However, our progress in this direction was slowed by a lack of consensus regarding which criteria were essential and which would simply be nice to have [23]. As a compromise, we agreed that developing the proposed algorithm would require more expertise than we had and further expert discussion. Therefore, for the second phase of this project, we proposed a Delphi process [87] to guide the further development and fine-tuning of the final evaluation tool.

Although we did not reach a consensus on which criteria qualify as essential, our group discussions provided insights into which qualities to consider in describing and evaluating apps as well as how an optimal tool might be structured. For example, given the dynamic and rapidly evolving use of apps in clinical practice [29,88], flexibility is a significant concern [23,25]. Therefore, the research team recommended an algorithm not only whose cutoff criteria can be modified to fit each evaluated app’s purpose and context but also whose overall functionalities can evolve alongside the surrounding technology [89].

Another point of discussion concerned the difficulty we encountered in finding the information to complete this evaluation tool. HCPs who are less familiar with eHealth apps may have difficulty gathering even basic data, such as the name of an app’s developer or its latest update [13,21,22]. More technologically savvy individuals may have trouble finding information on that app’s scientific basis, how or whether its development processes included stakeholder involvement, or which strategies were used in its implementation. Therefore, we suggest that the proposed tool include a user guide describing why such criteria are important and where to find and how to judge the required information. This echoes a recommendation by the European Network to Advance Best Practices and Technology on Medication Adherence in their Cooperation in Science and Technology Action (CA19132), which facilitates the use of a web-based repository of information on medication adherence technology [90,91]. Although eHealth app developers clearly need to provide relevant details in a clear and easily accessible way, health educators also need to include eHealth evaluation in HCP education and training curricula.

The previous discussion provides the foundation for conducting phase 2 of this study. This phase has three goals: (1) to conduct a Delphi survey to narrow down the number of criteria and develop an algorithm for initial decision-making, (2) to develop a user guide, and (3) to pilot-test the resulting iteration.

Limitations

This study has several limitations. Most notably, at this point in the project, although our list of eHealth app description and evaluation criteria is comprehensive, it remains a preliminary version. That is, despite discussions with various interdisciplinary experts, phase 1 did not produce an in-depth consensus on the essential criteria for a richly detailed but broadly feasible means of evaluating eHealth apps. This drove the decision to design a 2-phase project. In phase 2, which will be a Delphi study [87], we aim to develop a criteria-sorting algorithm. With this in place, the phase will culminate in a version of an eHealth app evaluation tool for pilot-testing.

In addition, all the included studies were assessed using the AGREE-II instrument [42], which was specifically designed to assess clinical practice guideline development reports. Considering the high level of heterogeneity across many of the study characteristics, direct comparability using a single tool was limited. However, although other instruments would have been more suitable in many cases, using various instruments would have yielded equally varied results. As we were primarily interested in the rationales and development processes that supported the dimensions and criteria, the AGREE-II scales provided a consistent assessment of these aspects.
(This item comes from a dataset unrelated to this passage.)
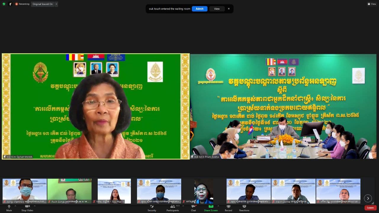 (រាជធានីភ្នំពេញ)៖ នាព្រឹកថ្ងៃទី១៩ ខែតុលា ឆ្នាំ២០២១ ក្រសួងមុខងារសាធារណៈ និងក្រសួងកិច្ចការនារី បានរៀបចំពិធីបើកវគ្គបណ្តុះបណ្តាល តាមប្រព័ន្ធអនឡាញរួមគ្នាមួយស្តីពី “ការលើកកម្ពស់ភាពជាអ្នកដឹកនាំជាស្ត្រី៖ សិល្បៈនៃការប្រាស្រ័យទាក់ទង ប្រកបដោយឥទ្ធិពល» ដែលធ្វើឡើងរយៈពេលពីរថ្ងៃចាប់ពីថ្ងៃទី១៩ ដល់ ថ្ងៃទី២០ ខែតុលា ឆ្នាំ២០២១។

Finally, the participants in the discussion rounds for the development of the conceptual framework were primarily health care researchers and professionals. There were very few technology developers or industry representatives present, and only 2 patient representatives participated. This may have resulted in a limited consideration of the patient perspective and an increased risk of interventions exacerbating existing health care inequalities [92]. Therefore, we included in the context dimension of the eHAPPI framework subgroups focusing on ethical and social aspects. These subgroups aim to underscore the necessity of addressing the risk of intervention-generated inequalities.

Comparison With Prior Work

Although 23 of the existing tools were explicitly intended for HCPs [14,43,46,47,76-86,93-100], none of these were complete; rather, they were too focused on specific conditions, or their theoretical justifications or development processes were not described. Such omissions make it difficult for HCPs in clinical practice to comprehensively but feasibly describe and evaluate eHealth apps in a standardized way to guide the recommendation of relevant, reliable, and high-quality apps to their patients [11,13,14]. Other studies supplemented the dimensions and criteria for describing and evaluating apps. However, it remains unclear which criteria are essential and how detailed they need to be. Recently, there has been much discussion about how to define and evaluate eHealth quality and what criteria are needed for an app to be used in the health care system [23,89,101]. Future findings from the planned phase 2 will likely provide a basis for further discussion on this topic among app developers or providers, HCPs, patients, researchers, and policy makers. Our first comprehensive list of criteria as a result of phase 1 provides an excellent basis for the next steps in phase 2 to develop a new eHealth app evaluation tool.

The need for a tool to describe and evaluate eHealth apps and help HCPs and their patients navigate the digital health ecosystem is pressing [23]. Our path to a proposed resolution has been quite complex as this field is also complex. After listing the criteria identified via a literature review, we developed them through expert discussions, revealing important improvement areas. In particular, compared with recommendations from the Health Technology Assessment Core Model [28], the criteria concerning the ethical, legal, and social aspects of eHealth apps were deemed incomplete. Therefore, in addition to adapting many criteria, we added several.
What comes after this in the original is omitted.